Alternative scenarios were investigated also for the cost-effectiveness analysis. In one analysis the base case societal costs were replaced with direct health care costs as this is the relevant perspective for many decision makers. The risk of suicide is sometimes claimed to be very high, perhaps 15% [25], but systematic reviews have shown that for patients in primary care the risk may be 2–6% or lower [26], [27]. In an additional sensitivity analysis the suicide rates were varied between 0.02 and 0.15. Finally, the rate of relapse was varied as evidence is scarce for this parameter.
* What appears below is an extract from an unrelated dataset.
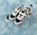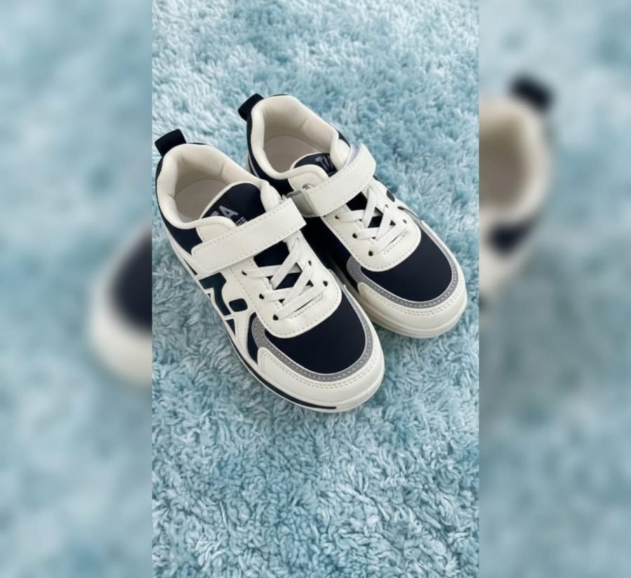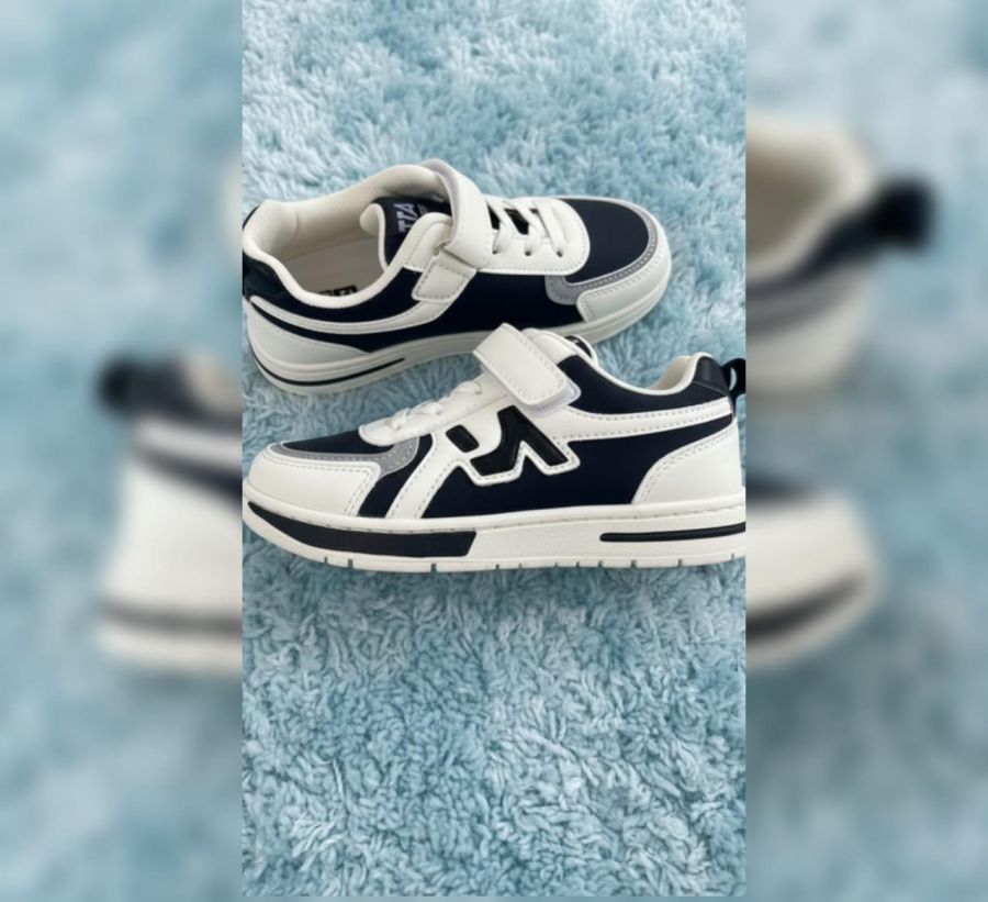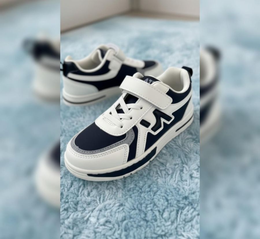 A stylish and durable pair of low-top sneakers designed for active kids. Featuring a secure hook-and-loop strap over elastic laces, these shoes provide a snug fit and easy "on-off" functionality. The high-contrast paneling and cushioned collar offer both a trendy aesthetic and all-day comfort.

Probabilistic Sensitivity Analysis

Probabilistic sensitivity analysis (PSA) using Monte Carlo simulations was used when analyzing the cost-effectiveness model [28]. In the PSA the uncertainty around single input parameter values are characterized by probability distributions. Gamma –distributions were used for costs, Beta-distributions for probabilities and QALY-weights, and gamma-distributions for decrements in QALY-weights (Table 1). The uncertainty around remission rates was derived from the results of the meta-analysis. In PSA, the uncertainty in all model inputs is evaluated simultaneously using simulation techniques. In the simulation parameter values are drawn randomly from all uncertain parameters and a cohort of hypothetical individuals is then run through the model and mean costs and health outcomes are calculated for all strategies. This procedure was repeated 5000 times, generating 5000 estimates of mean costs and mean effects of a cohort for both strategies. The results of the probabilistic analysis were also summarized as the probability of each treatment strategy being cost-effective at different willingness-to-pay values, or thresholds for cost-effectiveness, using cost-effectiveness acceptability curves.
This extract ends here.